- Hybrid parentage: U. macrocarpa × U. davidiana var. japonica
- Origin: South Korea

= Ulmus × mesocarpa =

Elm cultivar

Ulmus × mesocarpa M. Kim & S. Lee is a natural hybrid elm which is a cross of Ulmus macrocarpa with Japanese elm Ulmus davidiana var. japonica discovered on Seoraksan (Mount Sorak) near the city of Sokcho on the eastern coast of South Korea. The tree is endemic to the provinces of Gangwon-do, Injegun, Bukmyeon, Yongdaeri, and Baekdamsa.

==Description==
A small tree < 5 m high, typically intermediate between its parents, the generally obovate leaves 7-8 cm long, asymmetric at the base, with apices acuminate to caudate and an average of 31 teeth. The petioles are 6-8 mm long.

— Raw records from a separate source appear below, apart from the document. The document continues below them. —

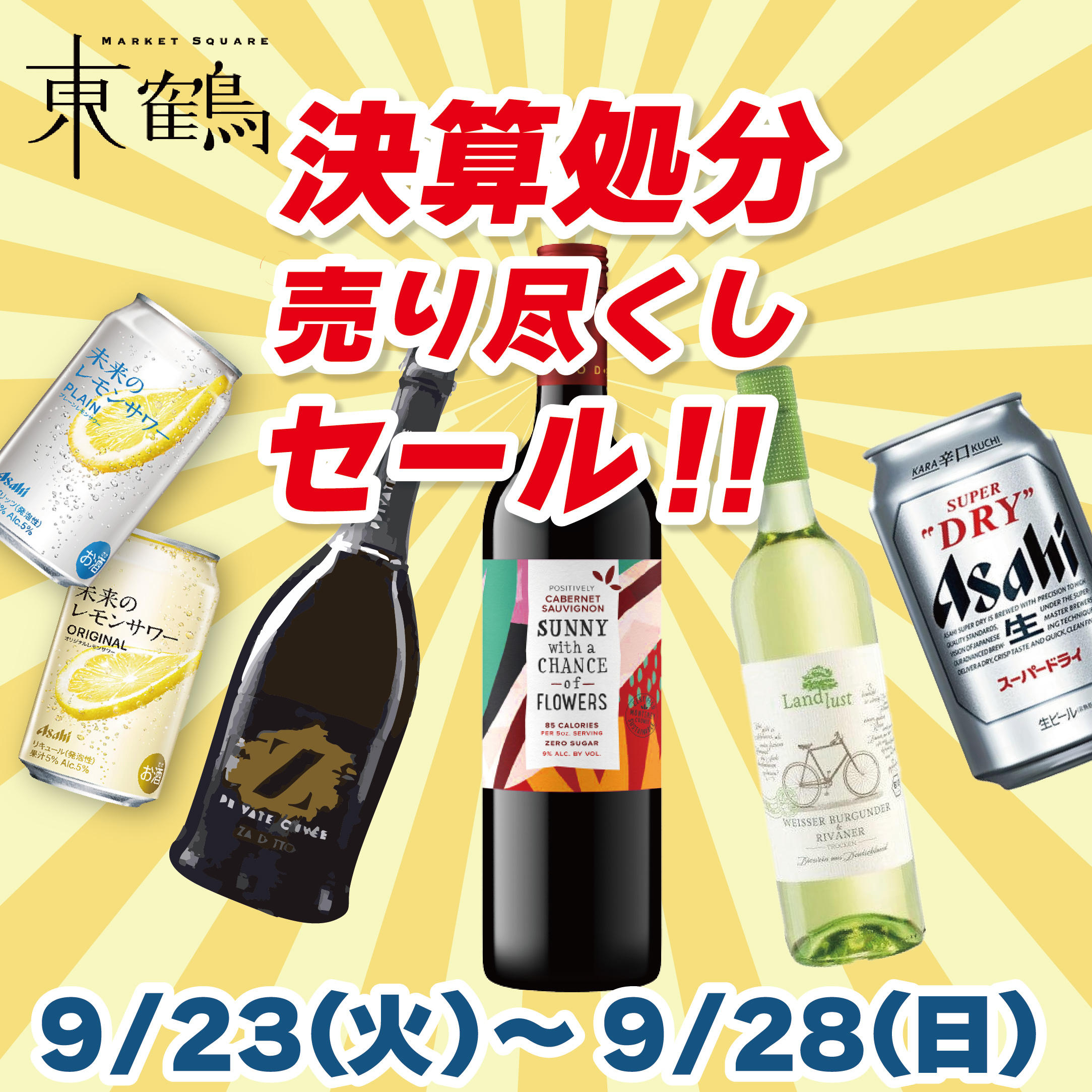 東鶴マーケットスクエアです🍻🥂🍷🥃🍸🍹🍾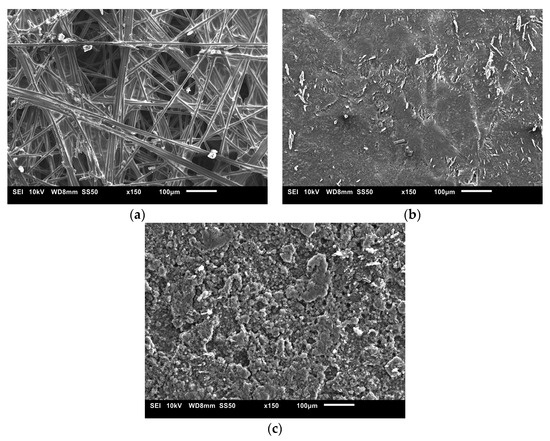 SEM images for (a) uncoated Toray GDL, (b) single-sided coated GDL with 1.25 mg/cm2 Vulcan black and (c) single-sided coated GDL with 1.25 mg/cm2 Ketjenblack.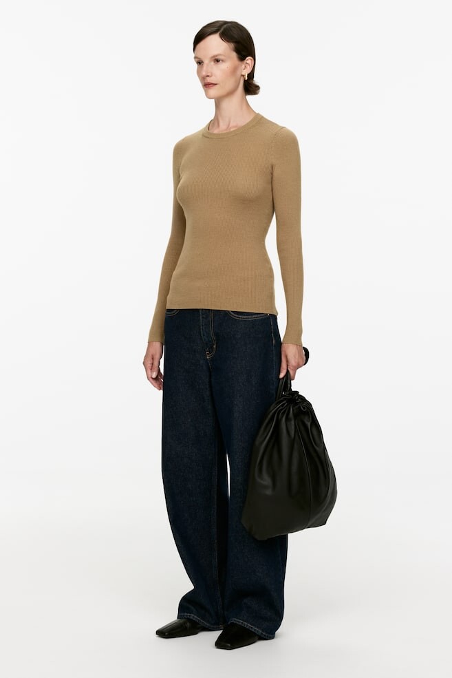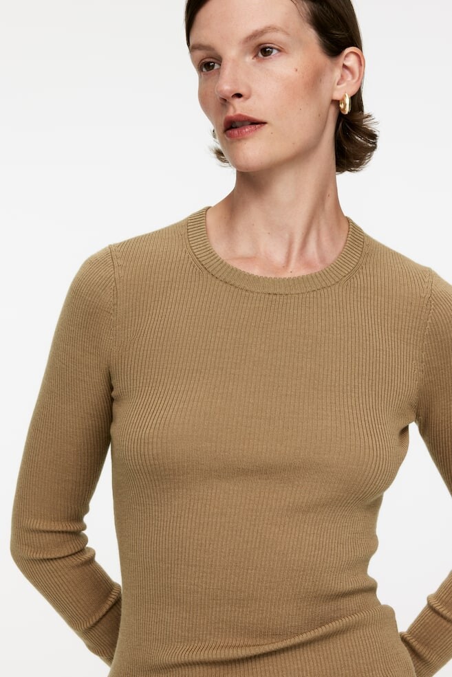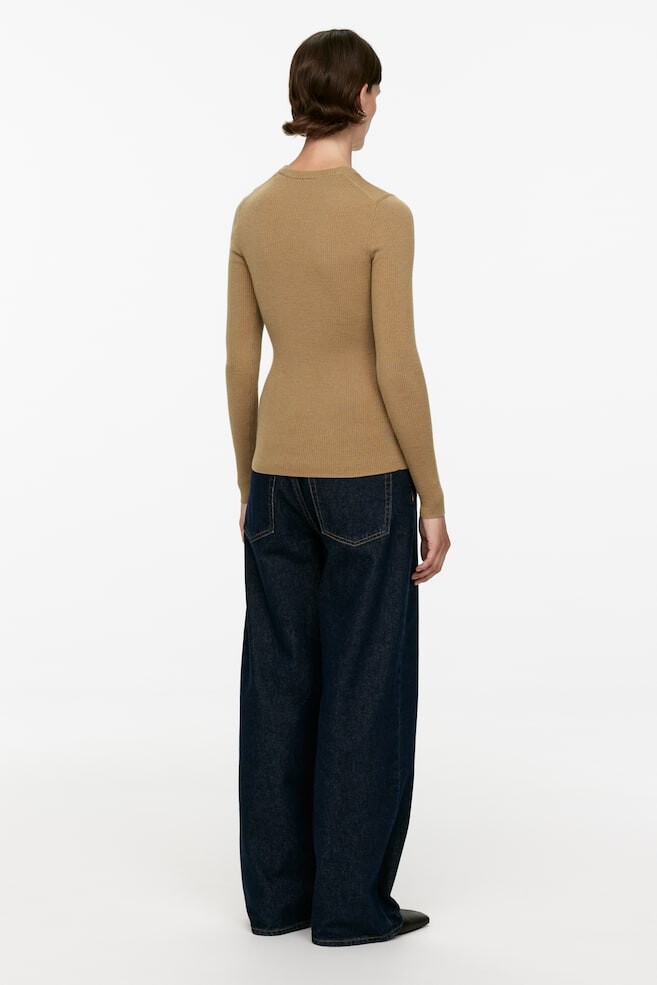 Топ с длинными рукавами связанный резинкой из шерсти мериноса. Ребристый круглый вырез. Тонкая посадка. Верх изготовлен из 100% шерсти, сертифицированной RWS (TE-00047206). Продукция, сертифицированная по стандарту ответственной шерсти (RWS), содержит шерстяные волокна с ферм, которые независимо сертифицированы на соответствие требованиям защиты животных и землепользования. Размер модели: рост модели 178 см/5 футов 10 дюймов, на ней размер S. . Длина: Обычная длина Длина рукава: Длинный рукав Посадка: Облегающий крой Вырез: Круглый вырез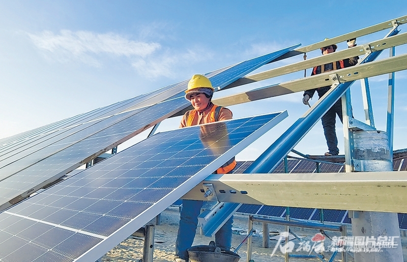 12月1日,位于和田市吉亞鄉(xiāng)的華潤(rùn)新能源50萬(wàn)千瓦光伏治沙項(xiàng)目施工現(xiàn)場(chǎng)一派熱火朝天景象。該項(xiàng)目總投資約15億元,預(yù)計(jì)明年5月底實(shí)現(xiàn)全容量投產(chǎn)。圖為工人在鋪設(shè)光伏板。 石榴云/新疆日?qǐng)?bào)記者 湯永攝
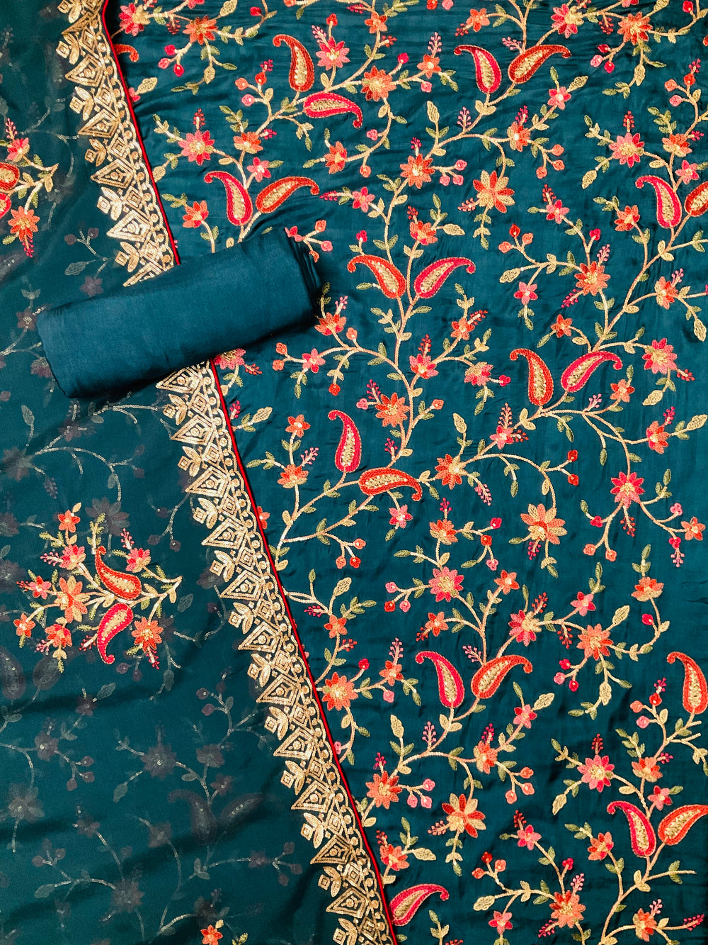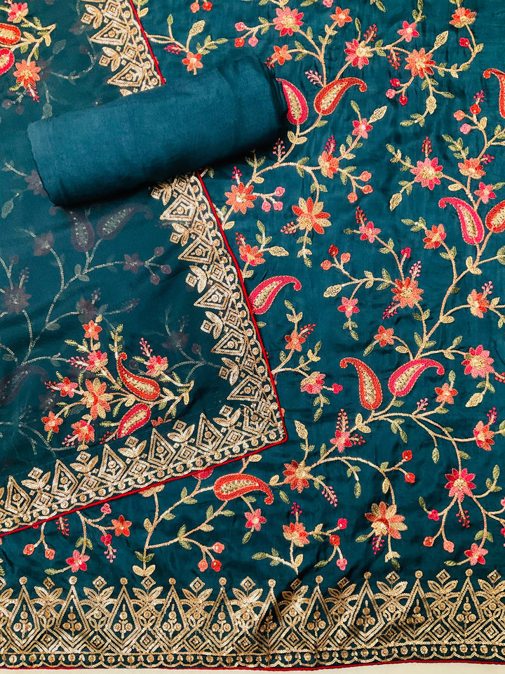 Uppada Silk Embroidered Unstitched Salwar Suit - 43555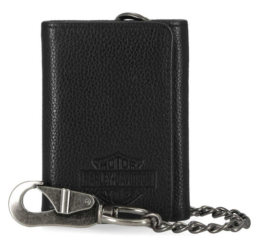 HARLEY-DAVIDSON® MENS BAR & SHIELD CORE PEBBLE CHAIN TRI-FOLD WALLET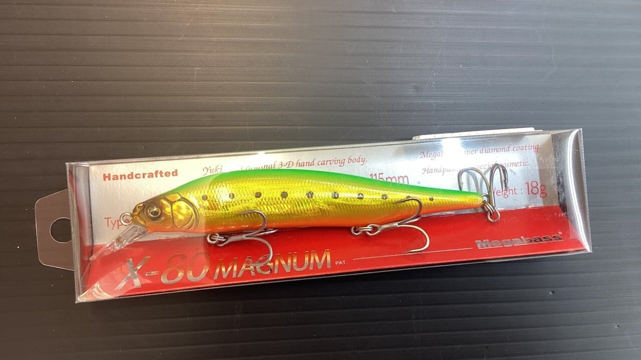 飛距離の出るブレードジグ。40gと60gが人気。イワシカラーがオススメ。サワラにも効く。シーバスにはスローにサワラには速巻きで。X-80 マグナム(メガバス)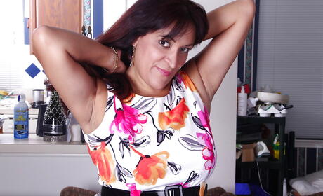 Karups Older Women: 足フェチ・ショーで派手なスカートを履いた魅惑的な美乳女ベロニカ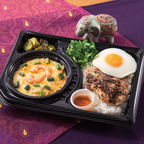 ペッパーがきいたガイヤーンも味わえるアジアン弁当。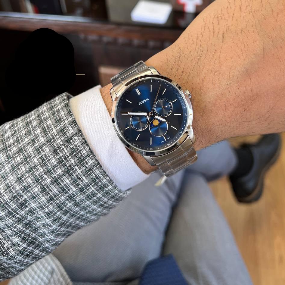 Fossil Neutra Minimalist Moon Phase Blue Dial Quartz FS5907 Men’s Watch It’s an iconic fossil watch they redesigned and introduced with a new celestial feature. It has everything you might need in a daily urban life – the days, the day, and the time. It’s an excellent choice for the office, the formal parties and weekend fine dining. You also don’t need to take it off while playing the club sports, including in the pool.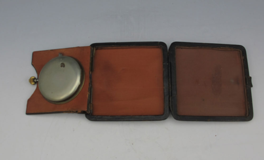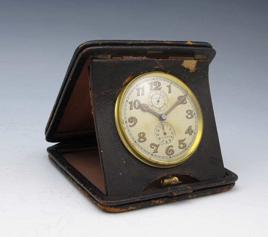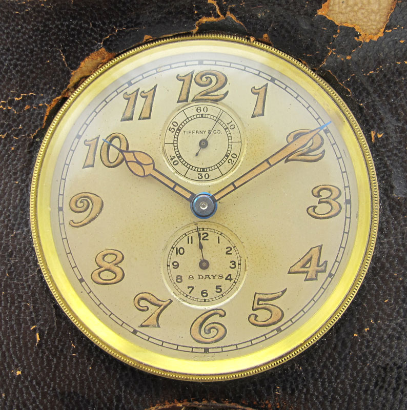 TIFFANY & CO. 8 DAY TRAVEL ALARM CLOCK: 8 day movement with secondary second and alarm time hands. Marked Tiffany & Co. on face, Sterling Silver on back cover. Leather case. 1'' h. x 4 1/8'' square. Est. $200/250**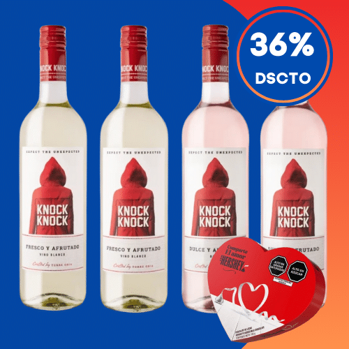 Colección compuesta por 2 botellas de Knock Knock Blanco Blend de bodegas Torre Oria , España, 2 botellas de Knock Knock Rosé Bodal de bodegas Torre Oria , España y 1 caja Chocolate HERSHEY’S Kisses Corazón Rojo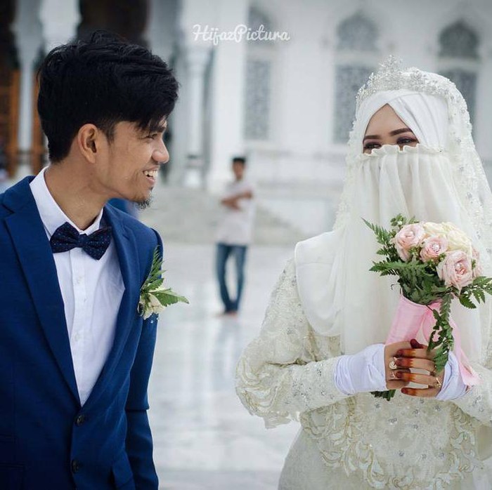 Qari yang juga dikenal sebagai imam lulusan Institut Teknologi Bandung (ITB) itu memilih berfoto di masjid yang menjadi ikon kota Banda Aceh yaitu Masjid Raya Baiturrahman. Dari foto yang diunggahnya ke Instagram pada Jumat (7/7/2017) tampak, Muzammil dan Sonia berdiri bersebelahan dan saling menatap dengan senyum bahagia di bibir mereka.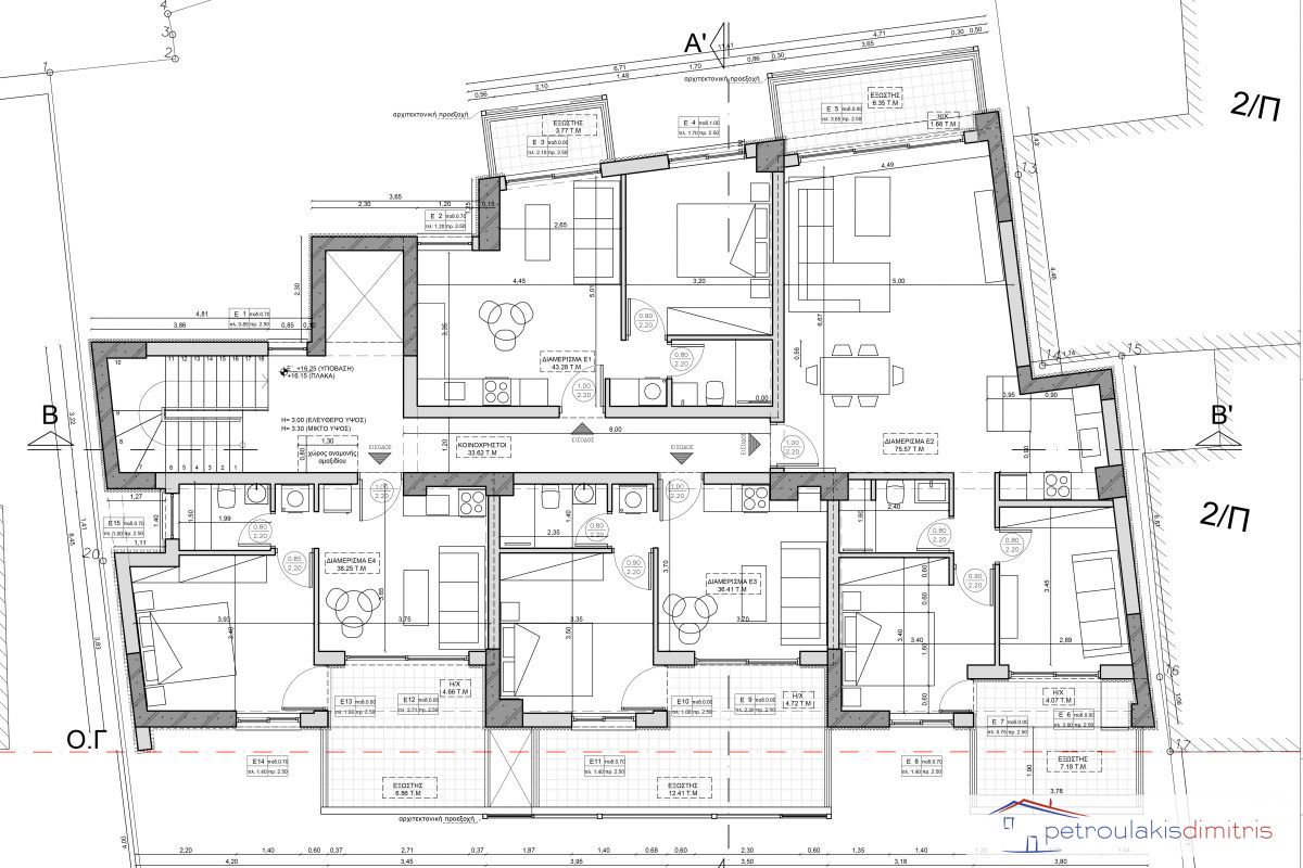 Διαμέρισμα 5ου ορόφου (Ε3) μικτής επιφάνειας 44.64 τ.μ., καθαρής επιφάνειας 36.07 τ.μ. και επιφάνειας μπαλκονιού 16.49 τ.μ.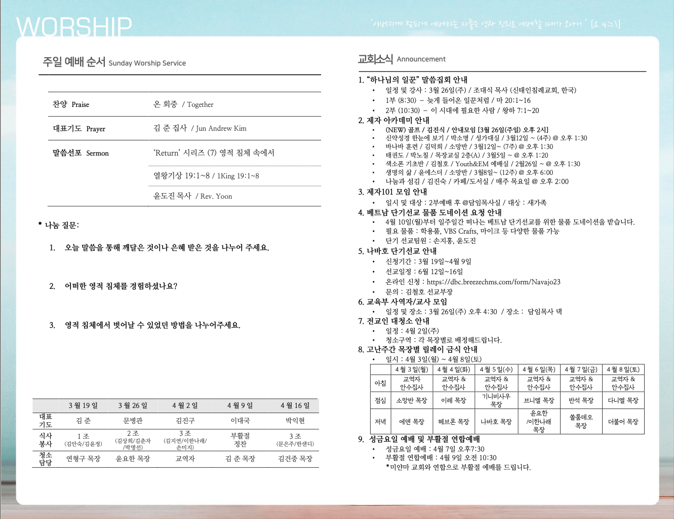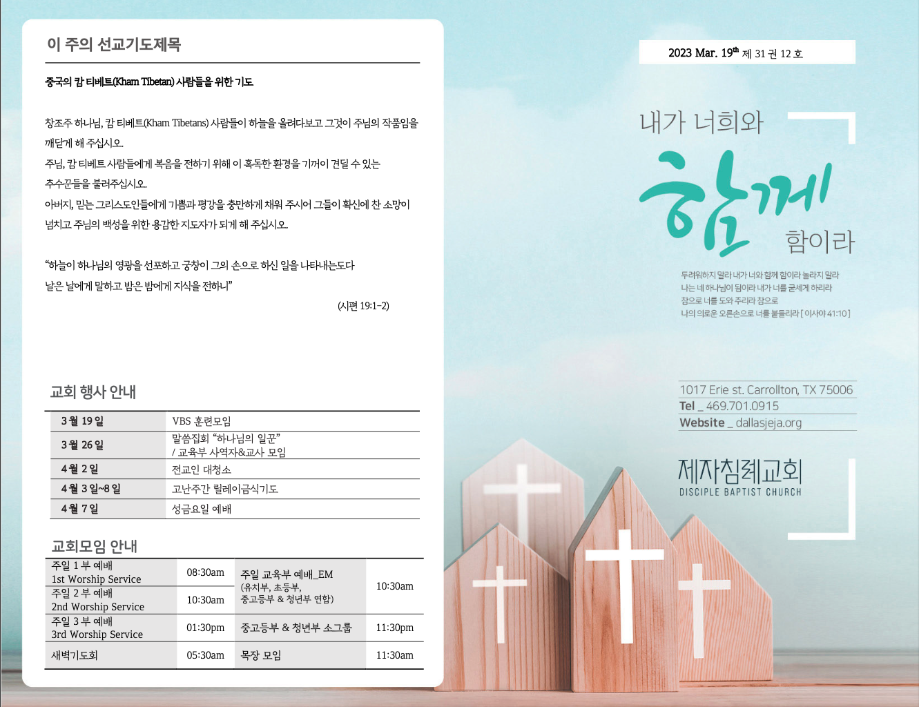 (2023.3.19) 주일 주보 페이지 정보 작성자 달라스제자침례교회 댓글 0건 조회 347회 작성일 23-03-18 13:02 목록 본문 - 이전글(2023.3.26) 주일 주보 23.03.25 다음글(2023.3.12) 주일예배 주보 23.03.11

The obovate samarae are < 20 mm long by 16 mm wide.

==Pests and diseases==
Not known.

==Cultivation==
Now in cultivation in the US and UK.

==Synonymy==
- Ulmus davidiana var. japonica f. suberosa Nakai

==Accessions==
- North America
- Morton Arboretum, Lisle, Illinois, US. Acc. details not known.
- Europe
- Grange Farm Arboretum, Sutton St James, Lincolnshire, UK. Juvenile trees (2015) from cuttings ex. Morton Arboretum on U. glabra rootstocks. Acc. no. 1101.

==Nurseries==
- Europe
- Pan-global Plants , Frampton on Severn, Gloucestershire, UK.